I'd always run defensively with my head down as if I were darting across the street against traffic while being chased (a skill you can only perfect in New York). But with my chin up, I could breathe better, and I felt my legs take over as if I'd shifted the energy there. Just keep moving, said T. And somehow, I did. Granted, it was more like a slow motion trot than running.
And then, the sky shifted and we were out of the concrete glare on a tree-lined path where it felt 15 degrees cooler. Everything went technicolor. You could smell all that greenery and hear the crunch of your feet hitting the ground. I forgot my petty aches, my embarrassments. I forgot myself. And, for a little while, misery turned to wonder.
Pull your shoulders back and press on. Keep going until you can see past the shadow of your own ego. This is not so complicated. Why do we have to keep relearning lessons we got at 16 or 26 or 46?
Months later, T. and I ran after dark through the section of the Bois de Boulogne where sex workers set up for the evening. They wait for clients near cars and vans they've turned into mobile hideaways with curtains, glowy lamps, and pillows. As we ran by, faces and bodies would appear on the edges of the trees, like flickering scenes in a film. Bright eyes with extravagant eyebrows, a long furry coat open with glittery nothings underneath, blue ankle boots, bare legs in the cold, a slim-hipped silhouette against the sober gray outline of the forest. They watched as we fluttered by them, benign interlopers that we were. We were extras from some other movie set.

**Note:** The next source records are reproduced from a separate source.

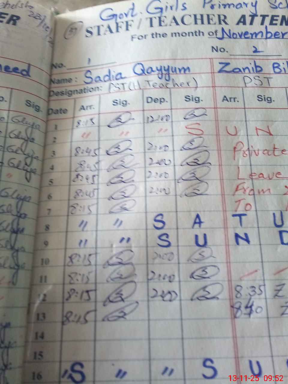 | CNIC | Full Name | Designation | R/C | Absence During Last Calender Month |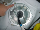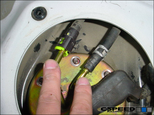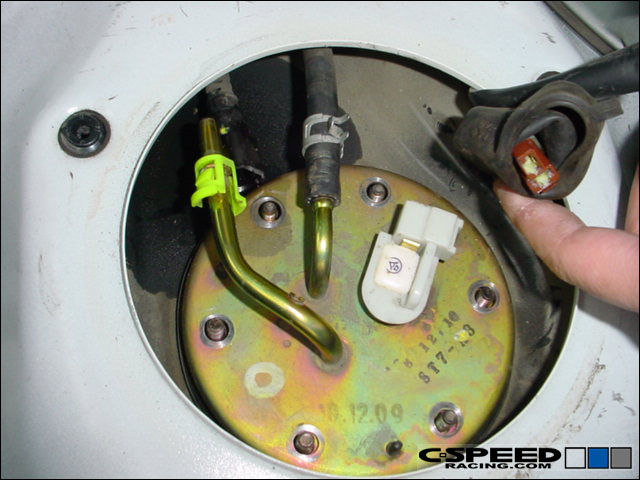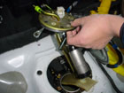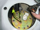 You can then pull out the fuel pump by lifting on the lid. It may take some jiggling to get it out. Be sure to have some towels ready to catch the leaking fuel. First disconnect the wiring from the fuel pump via the connector. |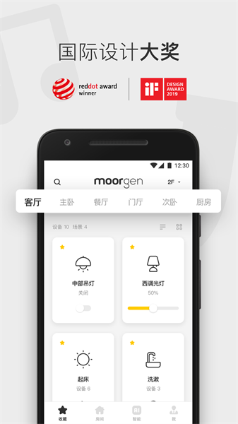 3、场景可以一次自动运行多个设备。例如每天清晨,您可以点击一下起床场景。

I can't recall precisely what insular troubles my young heart was battling in those days. Surely, there was lots of 20-something drama and angst. But that night is still vivid, those faces in the dark and the adrenaline of crossing unseen boundaries.
If only we could go back and tell our angsty past selves that what seemed to matter so much now won’t matter in a decade. Just let go of the slights and busybody worries that block out the sun. What will stay with you are the times you were shaken out of your myopic orbit. Sometimes it's when beauty scoops you up, or fear, or both. Like the feeling of moving fast through damp fall air in the woods, the unexpected flashes of color in the dark, the murmurs of people you can't see and will never meet. And mostly, it’s the electricity of being somewhere you never expected to be.
Last year, Australian journalist Julia Baird published a lovely book called "Phosphorescence" about rediscovering these truths after wrestling with a near-fatal illness. She learns to swim and dive in the ocean. Sounds simple, but that vast alternate universe with its wild and alien creatures rekindles her connection to the world, to wonder, and to life. The book is a call to at last shed the heaviness of self. She writes:
"We seem to have forgotten how comforting it can be to feel small and experience the awe that comes from being silenced by something greater than ourselves, something unfathomable, unconquerable, and mysterious."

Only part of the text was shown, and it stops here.